* **Work order**
Look through the data below for the line with "blunted edges. |" and the line with "perseverance and endurance.", then transcribe exactly from the first through the second, leaving out all pictures.

Data supplied: Begin

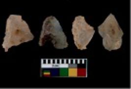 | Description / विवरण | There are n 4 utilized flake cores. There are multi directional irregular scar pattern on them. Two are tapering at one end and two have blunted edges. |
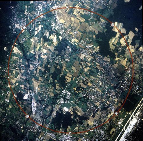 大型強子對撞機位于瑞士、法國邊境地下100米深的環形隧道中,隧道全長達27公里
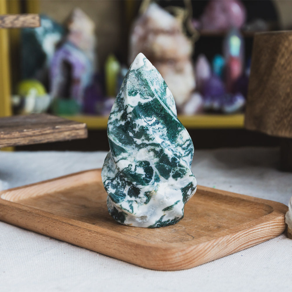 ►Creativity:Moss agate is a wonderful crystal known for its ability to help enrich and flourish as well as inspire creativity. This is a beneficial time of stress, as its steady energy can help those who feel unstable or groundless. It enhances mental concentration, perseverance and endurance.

Data supplied: End
Data supplied: Begin

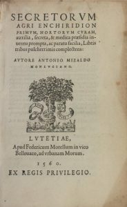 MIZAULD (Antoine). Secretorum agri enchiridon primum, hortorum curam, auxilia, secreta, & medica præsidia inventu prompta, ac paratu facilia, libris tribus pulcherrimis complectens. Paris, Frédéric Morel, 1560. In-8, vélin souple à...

Data supplied: End

* **Result for this task**
 | Description / विवरण | There are n 4 utilized flake cores. There are multi directional irregular scar pattern on them. Two are tapering at one end and two have blunted edges. |
 大型強子對撞機位于瑞士、法國邊境地下100米深的環形隧道中,隧道全長達27公里
 ►Creativity:Moss agate is a wonderful crystal known for its ability to help enrich and flourish as well as inspire creativity. This is a beneficial time of stress, as its steady energy can help those who feel unstable or groundless. It enhances mental concentration, perseverance and endurance.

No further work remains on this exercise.